Write a script that loops through the titanic
data by passenger class and prints out whether the mean Survived measure is smaller or larger than 0.5. Hint: you may want to check out the function unique().
for (class in sort(unique(titanic$Pclass))){
if (mean(titanic$Survived[titanic$Pclass == class]) > 0.5){
print(paste("The mean Survived measure for people with class", class, "is greater than 0.5 units"))
} else {
print(paste("The mean Survived measure for people with class", class, "is less than 0.5 units"))
}
}
[1] "The mean Survived measure for people with class 1 is greater than 0.5 units"
[1] "The mean Survived measure for people with class 2 is less than 0.5 units"
[1] "The mean Survived measure for people with class 3 is less than 0.5 units"

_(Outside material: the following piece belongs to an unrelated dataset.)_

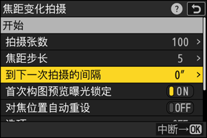 - 照相机将以所选间隔时间拍摄照片,并在每次拍摄中从开始拍摄时所选的对焦距离开始,按所选焦距步长距离逐步达到无穷远。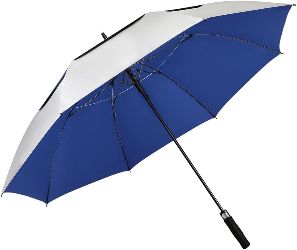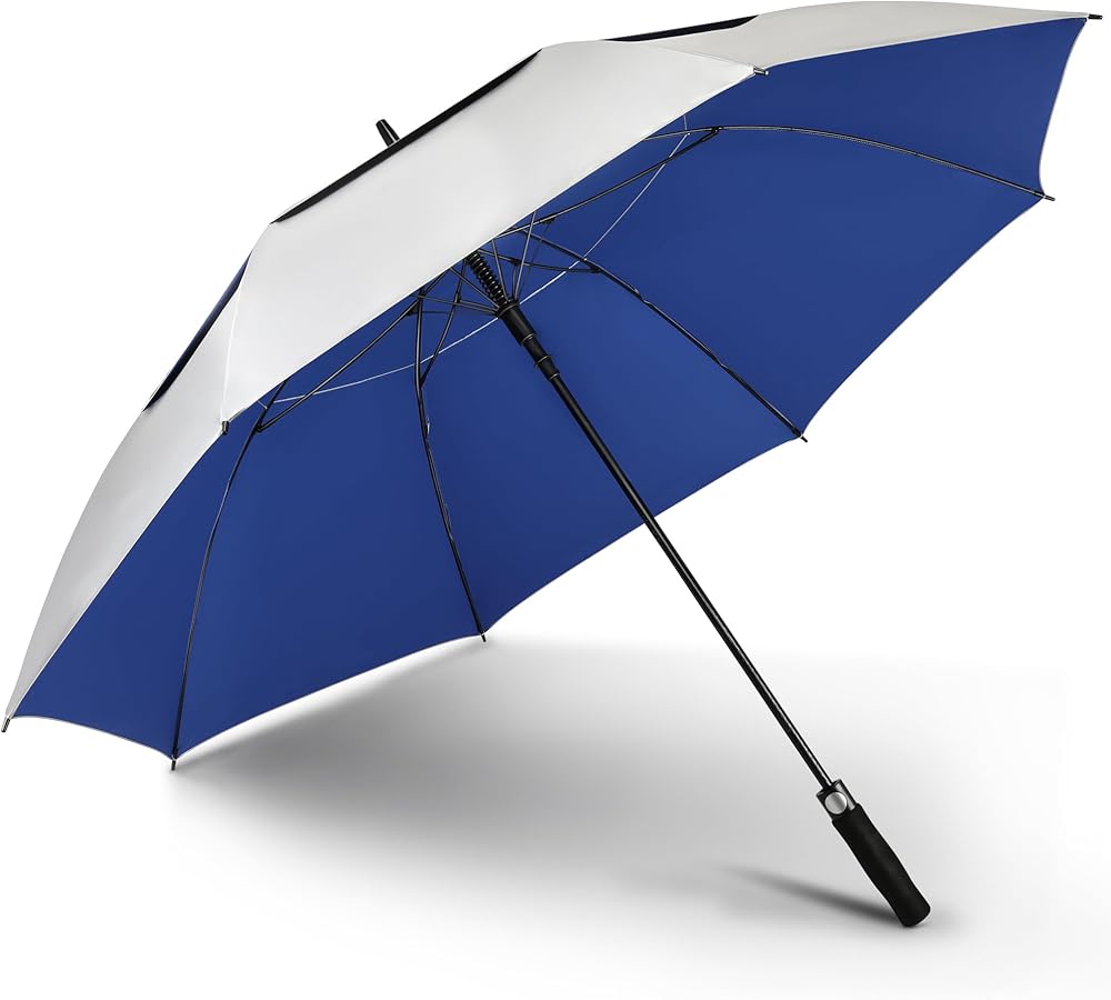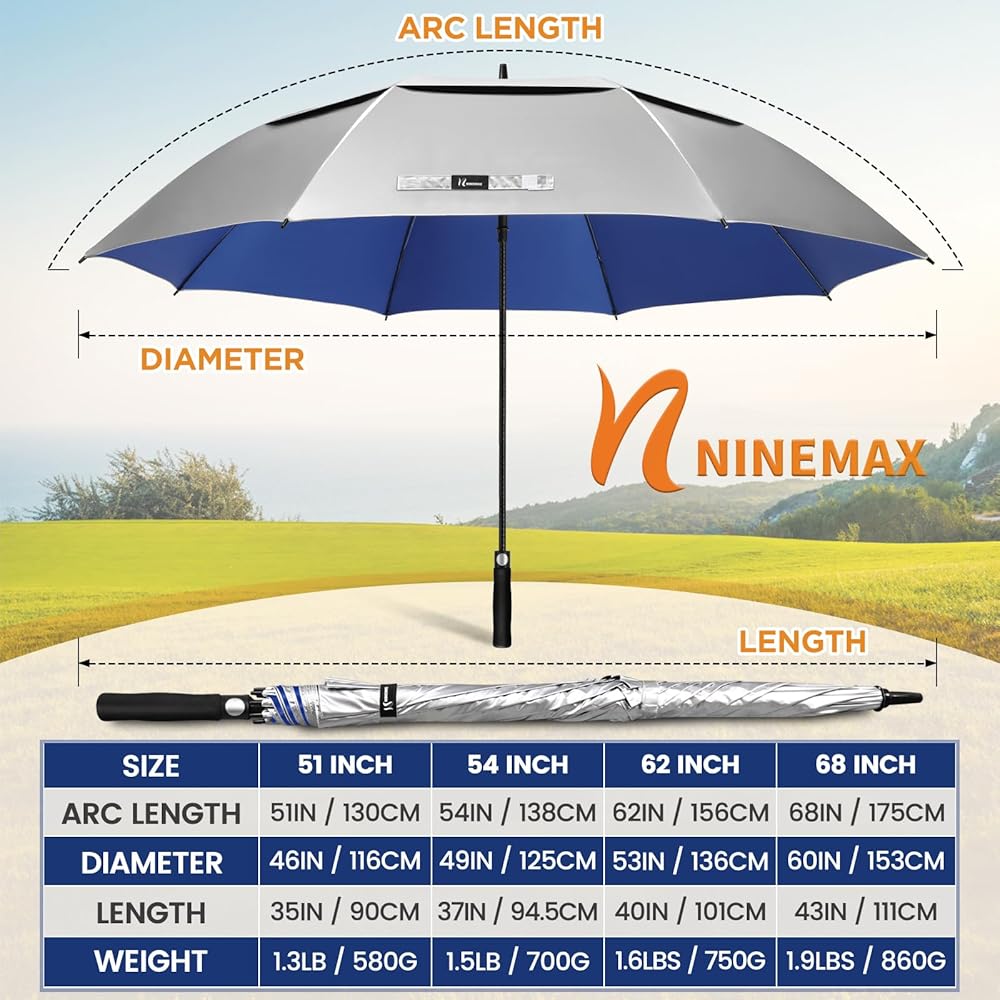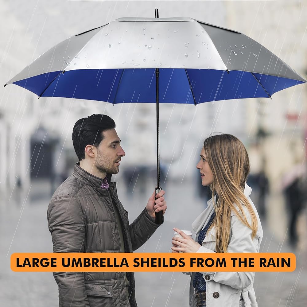☂️62 OR 68 INCHES EXTRA LARGE UMBRELLA PROVIDES MORE SHADE. The 62" golf umbrella is suitable to share for 2 adults or walk your dog. The 68" extra large umbrellas for sun would be a family size to keep 2 adults and 1 child against the sun. With this large golf umbrella, 2 people at least get covered, keep out of sunburn, protecting sensitive skin

Modify the script from Challenge 4 to also loop over each sex. This time print out whether the Survived is smaller than 0.2, between 0.2 and 0.6, or greater than 0.6.
for (class in sort(unique(titanic$Pclass))){
for (sex in unique(titanic$Sex)) {
if (mean(titanic$Survived[titanic$Pclass == class & titanic$Sex == sex]) <= 0.2){
print(paste("The mean Survived measure for",sex,"people with class", class, "is less than 0.2 units"))
} else if (mean(titanic$Survived[titanic$Pclass == class & titanic$Sex == sex]) > 0.6) {
print(paste("The mean Survived measure for",sex,"people with class", class, "is greater than 0.6 units"))
} else {
print(paste("The mean Survived measure for",sex,"people with class", class, "is between 0.2 and 0.6"))
}
}
}
[1] "The mean Survived measure for male people with class 1 is between 0.2 and 0.6"
[1] "The mean Survived measure for female people with class 1 is greater than 0.6 units"
[1] "The mean Survived measure for male people with class 2 is less than 0.2 units"
[1] "The mean Survived measure for female people with class 2 is greater than 0.6 units"
[1] "The mean Survived measure for male people with class 3 is less than 0.2 units"
[1] "The mean Survived measure for female people with class 3 is between 0.2 and 0.6"